5 Tips for Staying Pain Free This Spring
5 Tips for Exercising to Minimize Injuries in the Spring
Injuries do occur during workouts and exercise regimens. A majority of the time it is simply because the proper precautions and preparations are not considered. Among the most common injuries stemming from exercise are muscle strains and tears. You can tear ligaments and tendons while exercising improperly as well. These injuries often require chiropractic care, massage therapy or even physical therapy so that you can return to exercising as quickly as possible.
Dehydration puts additional strain on the muscles in the body. This causes them to tighten and move with more resistance. Hydration is important to keep your body flowing and well-lubricated to assist in preventing exercise related injuries.
The suggested water intake for adults is eight 8-ounce glasses per day. This seems like a lot, but it really is only the bare minimum of what your body needs to maintain proper hydration. It is ideal to increase this amount to 10 glasses per day, especially when you are actively exercising to improve your overall health.
Always Stretch First
Stretching before exercising is vital. It helps prime your body and loosen muscles so that you can safely perform cardio regimens and total body workouts without injury. Learning the right way to stretch is where you should begin. Believe it or not, there is a right and wrong way to stretch.
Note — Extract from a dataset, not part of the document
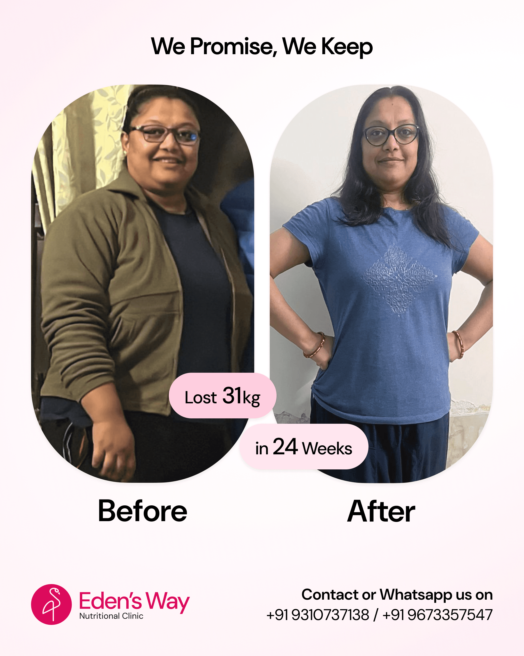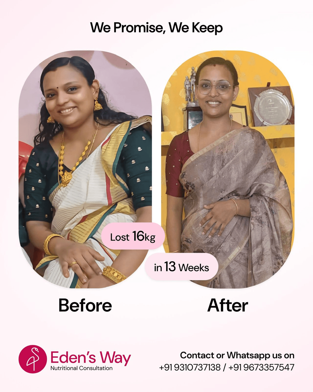 Thank you, Eden’s Way, from the bottom of my heart for helping me shed all my extra body weight in an unbelievably short time and in the most natural way possible.
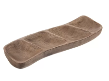 Dělená servírovací miska z mangového dřeva. Velmi tvrdé a odolné dřevo s dlouhou životností. Ideální pro servírování suchých plodů, sušeného ovoce a oříšků, nebo jako dekorace. 4 pozice. Rozměry: 20 x 7 cm. Barva: natur.

It is ideal to develop a pre-workout stretching regimen with a trainer or physical therapist. This ensures that you are loosening the right muscle groups in the proper way so that you can exercise without injury.
Jumping right into a heavy workout plan is not a good idea. This is another way that exercise related injuries happen. When you elect to incorporate exercise into your daily habits, you have to build up stamina. You should feel energized and rejuvenated after a workout. Going too hard too fast will leave you feeling exhausted and physically drained.
Start with treadmill and stationary bicycle routines. You can add in some cardio and heart rate increasing moves in here as well. These are not high-impact so you will be okay with having a mixed workout routine.
Healthy eating options also help keep your body in tune with itself. Fatty and processed foods actually slow you down. Natural diets keep you energized, ready to move and a bit more flexible. At the same time, reducing your alcohol consumption is also ideal. Alcoholic beverages actually slow down your metabolism and makes exercising more of a challenge as you already feel sluggish.
Embrace the Spring Air
After being cooped up inside the house all winter long, many people decide that spring is the best time to start exercising. The air is still chilly in most parts of the United States during this season, but it is refreshing. Exercising in cooler temperatures helps keep your body cooler at the same time. While the temperatures are still mild, take your exercise routine outdoors and enjoy the fresh air.
In the event that you do suffer an injury, you can visit a physical therapist for an assessment. Trained physical therapy specialists can develop a treatment plan that will treat your exercise related injury. At the same time, a trained specialist can also show you the right way to stretch before working out to prevent future injuries from occurring.